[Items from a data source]

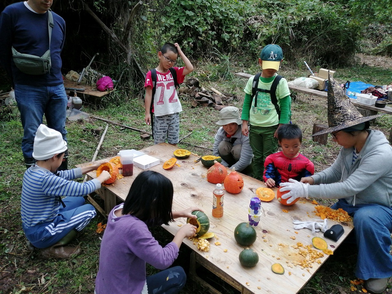- 持ち物;持ち寄りの食べ物(ご自身の参加人数分程度の食べ物、カボチャランタンづくりの材料(カボチャ、中をくりぬくスプーン、穴をあけるナイフ)、子供たちに配るためのお菓子
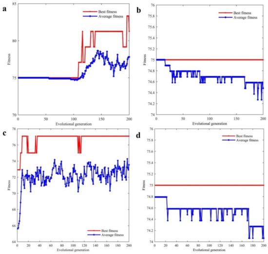 The parameters searching process of GA: (a) training dataset 1; (b) training dataset 2; (c) training dataset 3; (d) training dataset 4.
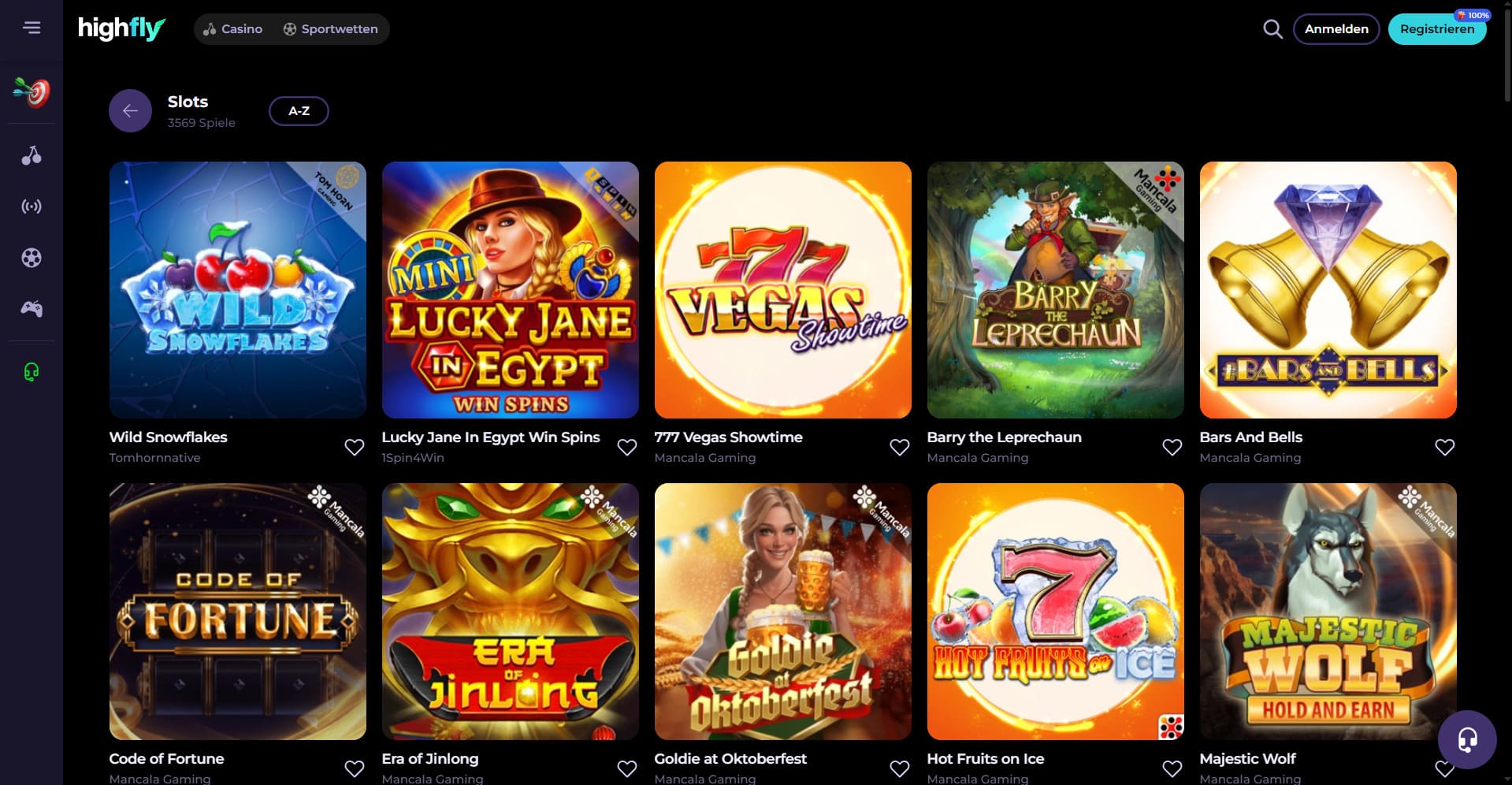 Insgesamt finden Sie mehr als 6.000 HighFlyBet Online Casino Spiele, aus denen Sie auswählen können. Mit knapp 5.000 Spielautomaten liegt der Fokus klar auf diesem Bereich, aber darüber hinaus finden Sie auch Tischspiele, ein Live-Casino, Jackpot-Spiele und Tischspiele.
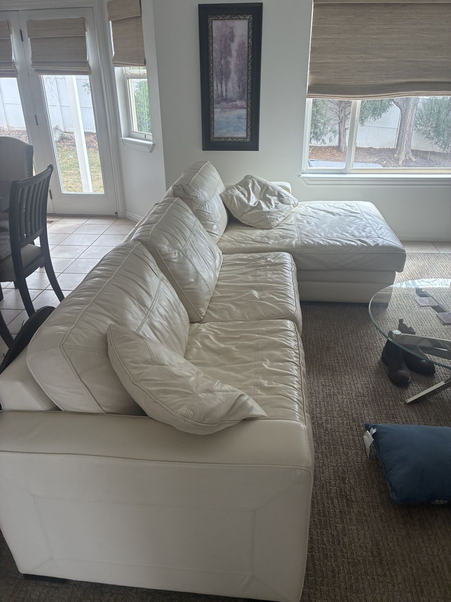 ApplePay12 year old leather couch. Overall in good condition but needs a good cleaning. Nothing is sprung and it’s really comfortable
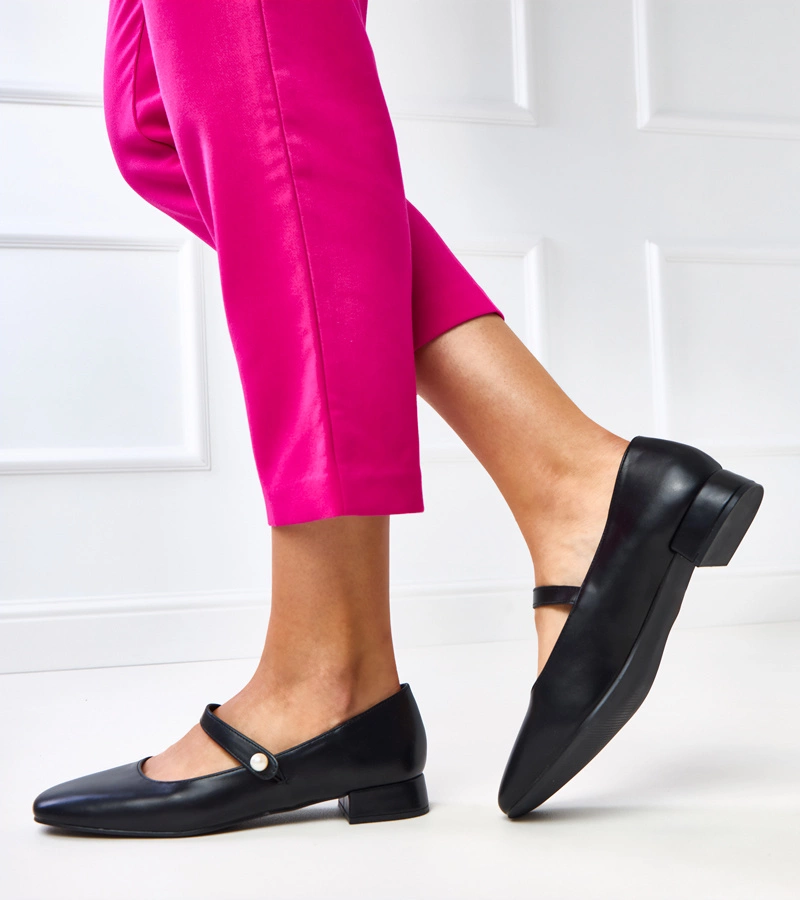 Černé lodičky s ozdobným páskem na nízkém podpatku Bakos
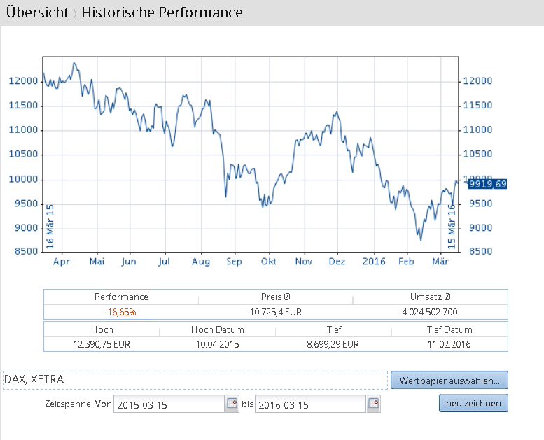 Suchen Sie nach dem gewünschten Wertpapier (Standardeinstellung "DAX XETRA") und stellen Sie den gewünschten Analysezeitraum ein.
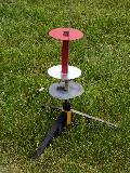 A spool rocket made from a 6" BT-50 tube with 2 CD's attached.
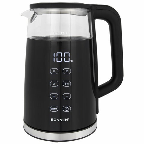 Чайник с терморегулятором и дисплеем, ДВОЙНЫЕ СТЕНКИ, SONNEN KT-8717, 1,7 л, 2200 Вт, черный, 454687
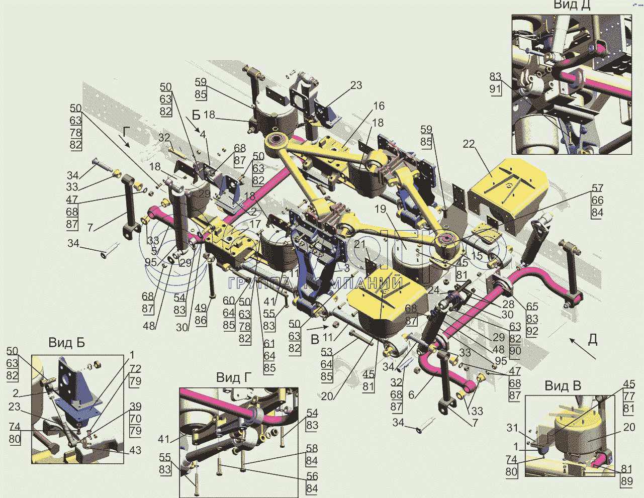 Каталог запасных частей к технике: МАЗ-631019. Установка подвески задней 6310E9-2900002-000
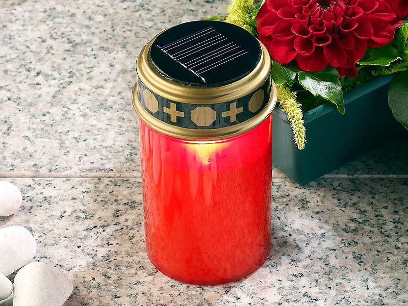 Ein Grablicht spendet Trost: Es sendet einen stillen Gruß und verschönert die letzte Ruhestätte auf besondere Weise.Täuschend echtes Candlelight: Dieses Solarmodell ist dank flackernder LED kaum von einer echten Kerze zu unterscheiden. Der integrierte Akku wird tagsüber mit Sonnenenergie geladen, selbst wenn es bewölkt ist.
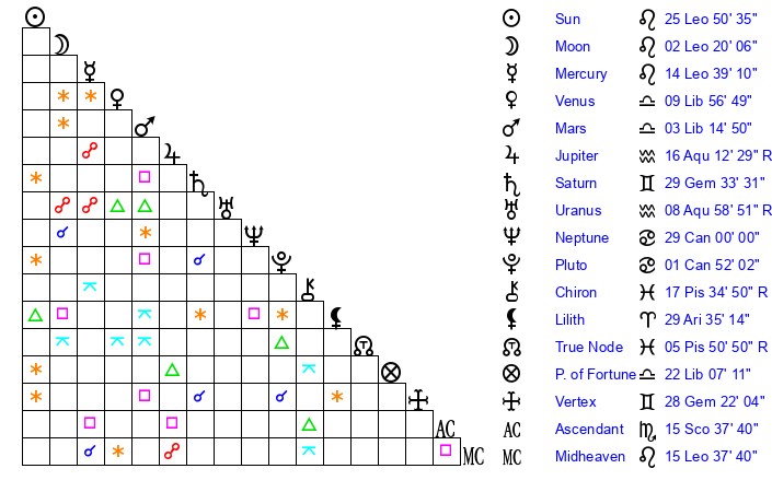 | Sun | 25 Leo 50 | 26 Leo 58 | 15 Sagittarius 47 |
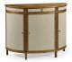 The Inductance demi lune from Jonathan Charles evokes the feeling of summers in the South of France and balmy rides in vintage convertibles. A solid case with Kravet linen fabric cabinet doors and understated hardware is capped with a single drawer under a grey fruitwood top. Hovering a few inches above the floor on handsomely tapered feet with traditional accents, Inductance plays well with sophisticated spaces and vintage interiors.

**YOUR OBJECTIVE**
Each entry should be repeated exactly as it appears; the pictures stay out.

**EXERCISE SOLUTION**
- 持ち物;持ち寄りの食べ物(ご自身の参加人数分程度の食べ物、カボチャランタンづくりの材料(カボチャ、中をくりぬくスプーン、穴をあけるナイフ)、子供たちに配るためのお菓子
 The parameters searching process of GA: (a) training dataset 1; (b) training dataset 2; (c) training dataset 3; (d) training dataset 4.
 Insgesamt finden Sie mehr als 6.000 HighFlyBet Online Casino Spiele, aus denen Sie auswählen können. Mit knapp 5.000 Spielautomaten liegt der Fokus klar auf diesem Bereich, aber darüber hinaus finden Sie auch Tischspiele, ein Live-Casino, Jackpot-Spiele und Tischspiele.
 ApplePay12 year old leather couch. Overall in good condition but needs a good cleaning. Nothing is sprung and it’s really comfortable
 Černé lodičky s ozdobným páskem na nízkém podpatku Bakos
 Suchen Sie nach dem gewünschten Wertpapier (Standardeinstellung "DAX XETRA") und stellen Sie den gewünschten Analysezeitraum ein.
 A spool rocket made from a 6" BT-50 tube with 2 CD's attached.
 Чайник с терморегулятором и дисплеем, ДВОЙНЫЕ СТЕНКИ, SONNEN KT-8717, 1,7 л, 2200 Вт, черный, 454687
 Каталог запасных частей к технике: МАЗ-631019. Установка подвески задней 6310E9-2900002-000
 Ein Grablicht spendet Trost: Es sendet einen stillen Gruß und verschönert die letzte Ruhestätte auf besondere Weise.Täuschend echtes Candlelight: Dieses Solarmodell ist dank flackernder LED kaum von einer echten Kerze zu unterscheiden. Der integrierte Akku wird tagsüber mit Sonnenenergie geladen, selbst wenn es bewölkt ist.
 | Sun | 25 Leo 50 | 26 Leo 58 | 15 Sagittarius 47 |
 The Inductance demi lune from Jonathan Charles evokes the feeling of summers in the South of France and balmy rides in vintage convertibles. A solid case with Kravet linen fabric cabinet doors and understated hardware is capped with a single drawer under a grey fruitwood top. Hovering a few inches above the floor on handsomely tapered feet with traditional accents, Inductance plays well with sophisticated spaces and vintage interiors.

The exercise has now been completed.